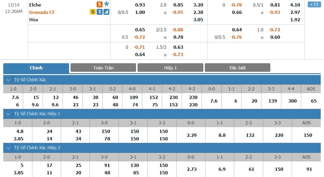 Tỷ lệ cược của 2 đội bóng ở kèo đấu này không có sự chênh lệch quá lớn. Granada phải thi đấu trên sân khách tuy nhiên họ vẫn được đánh giá là cửa trên ở kèo đấu này với tỷ lệ cược 1 ăn 2.38. Elche có tỷ lệ cược 1 ăn 3.20 trong khi tỷ số hòa có tỷ lệ cược 1 ăn 3.05. Đây là giai đoạn mà Granada đang có phong độ không cao trong khi đó Elche vẫn duy trì được một lối chơi khá khó chịu. Với lợi thế sân nhà, Elche hoàn toàn có thể sẽ tạo ra được bất ngờ và đây là kèo đấu mà người chơi có thể mạo hiểm.
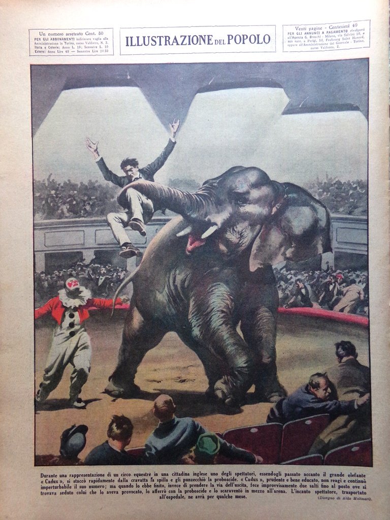 Durante una rappresentazione di un circo equestre in una cittadina inglese uno degli spettatori, essendogli passato accanto il grande elefante "Cadux" si staccò rapidamente dalla cravatta la spilla e gli punzecchiò la proboscide. "Cadux", prudente e bene educato, non reagì e continuò imperturbabile il suo numero; ma quando lo ebbe finito, invece di prendere la via dell'uscita, fece improvvisamente due salti fino al posto ove si trovava seduto colui che lo aveva provocato, lo afferrò con la proboscide e lo scaraventò in mezzo all'arena. L'incauto spettatore, trasportato all'ospedale, ne avrà per qualche mese (Aldo Molinari)
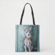 "Izzy's Day" dog lovers white and blue terrier tote bag by The Painted Girl collection featuring original hand painted art on the things you love.
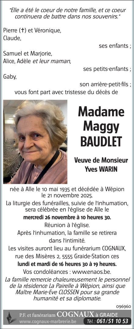 Décédée à Wépion (5100) le vendredi 21 novembre 2025 à l'âge de 90 ans

■ Your task ■
A word-for-word copy of the lines from the one with "things you love." through the final line of the listing above is the whole answer, and it contains no pictures.

■ Response to this task ■
 "Izzy's Day" dog lovers white and blue terrier tote bag by The Painted Girl collection featuring original hand painted art on the things you love.
 Décédée à Wépion (5100) le vendredi 21 novembre 2025 à l'âge de 90 ans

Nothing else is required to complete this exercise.